Stored data:
§ §

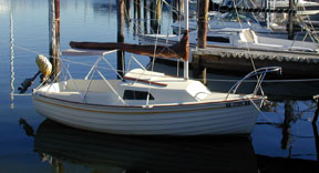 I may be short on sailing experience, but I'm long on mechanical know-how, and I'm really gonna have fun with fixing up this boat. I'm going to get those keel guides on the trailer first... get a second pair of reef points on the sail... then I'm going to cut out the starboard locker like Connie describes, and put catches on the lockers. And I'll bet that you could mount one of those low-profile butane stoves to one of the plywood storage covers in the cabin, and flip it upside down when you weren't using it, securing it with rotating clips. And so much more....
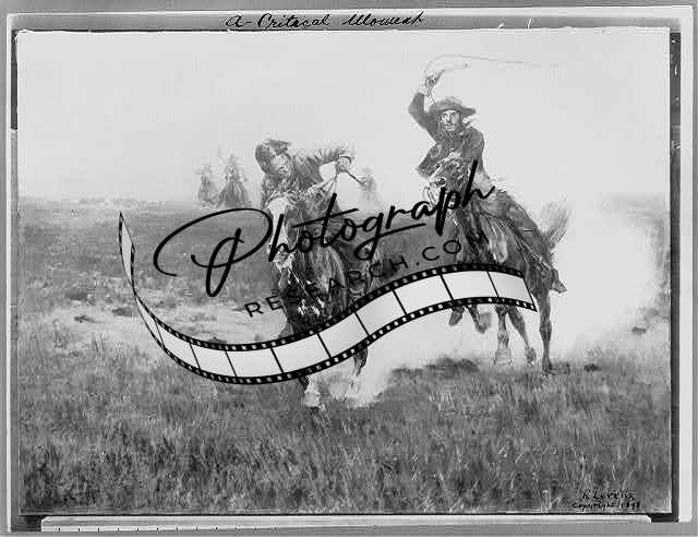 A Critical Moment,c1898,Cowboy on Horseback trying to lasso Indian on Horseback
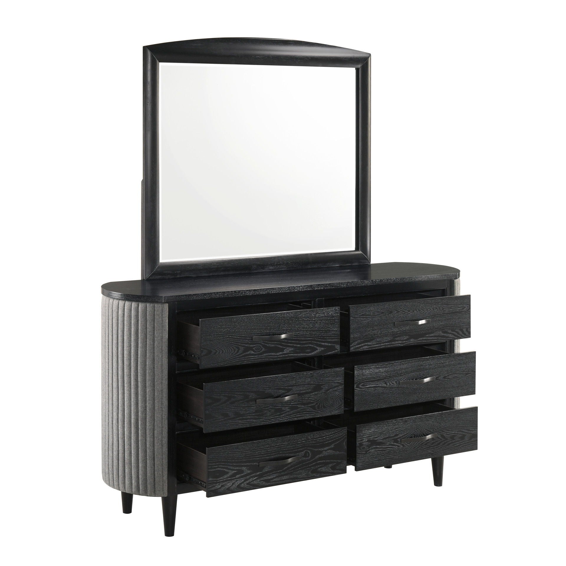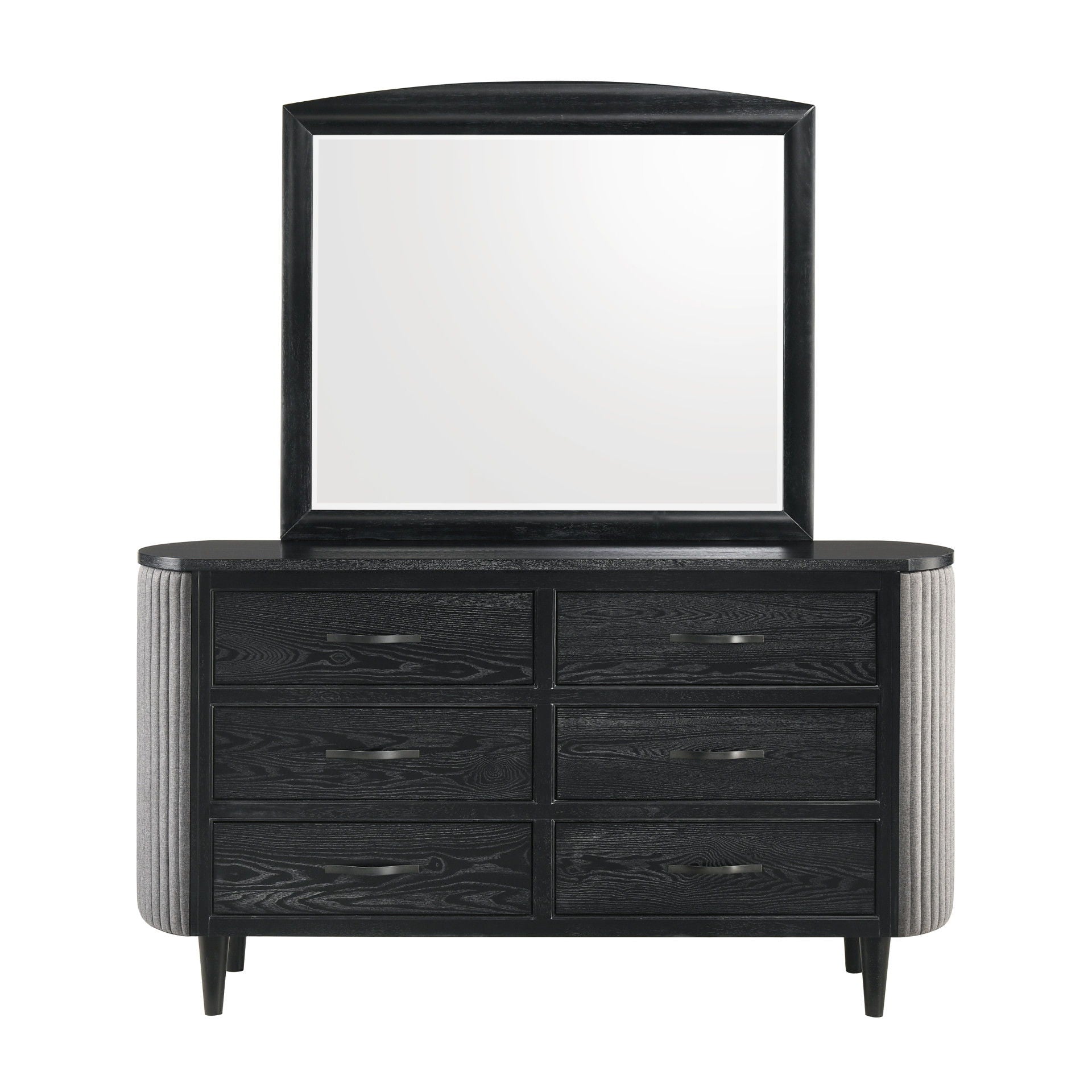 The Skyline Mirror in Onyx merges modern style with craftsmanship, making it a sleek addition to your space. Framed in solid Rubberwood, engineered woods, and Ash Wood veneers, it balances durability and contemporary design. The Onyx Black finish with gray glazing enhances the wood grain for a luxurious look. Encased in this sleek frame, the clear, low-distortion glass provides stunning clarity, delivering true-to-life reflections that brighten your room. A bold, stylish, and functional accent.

§ §

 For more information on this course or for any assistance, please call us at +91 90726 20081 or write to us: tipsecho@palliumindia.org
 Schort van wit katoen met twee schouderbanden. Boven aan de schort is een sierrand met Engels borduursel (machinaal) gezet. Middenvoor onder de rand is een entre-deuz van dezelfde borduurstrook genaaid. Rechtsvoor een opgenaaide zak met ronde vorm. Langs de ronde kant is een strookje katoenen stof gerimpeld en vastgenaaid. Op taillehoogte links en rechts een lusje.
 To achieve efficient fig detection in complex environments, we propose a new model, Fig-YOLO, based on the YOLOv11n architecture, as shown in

§ §

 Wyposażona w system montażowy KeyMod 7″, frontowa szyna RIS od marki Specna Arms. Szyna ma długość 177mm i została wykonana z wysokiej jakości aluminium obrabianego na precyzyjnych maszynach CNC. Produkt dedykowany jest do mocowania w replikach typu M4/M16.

§ §

Brief: In the listing above, find the line with "For more information" and the line with "Schort van wit", then reproduce both and every line between them exactly.

Written response:
 For more information on this course or for any assistance, please call us at +91 90726 20081 or write to us: tipsecho@palliumindia.org
 Schort van wit katoen met twee schouderbanden. Boven aan de schort is een sierrand met Engels borduursel (machinaal) gezet. Middenvoor onder de rand is een entre-deuz van dezelfde borduurstrook genaaid. Rechtsvoor een opgenaaide zak met ronde vorm. Langs de ronde kant is een strookje katoenen stof gerimpeld en vastgenaaid. Op taillehoogte links en rechts een lusje.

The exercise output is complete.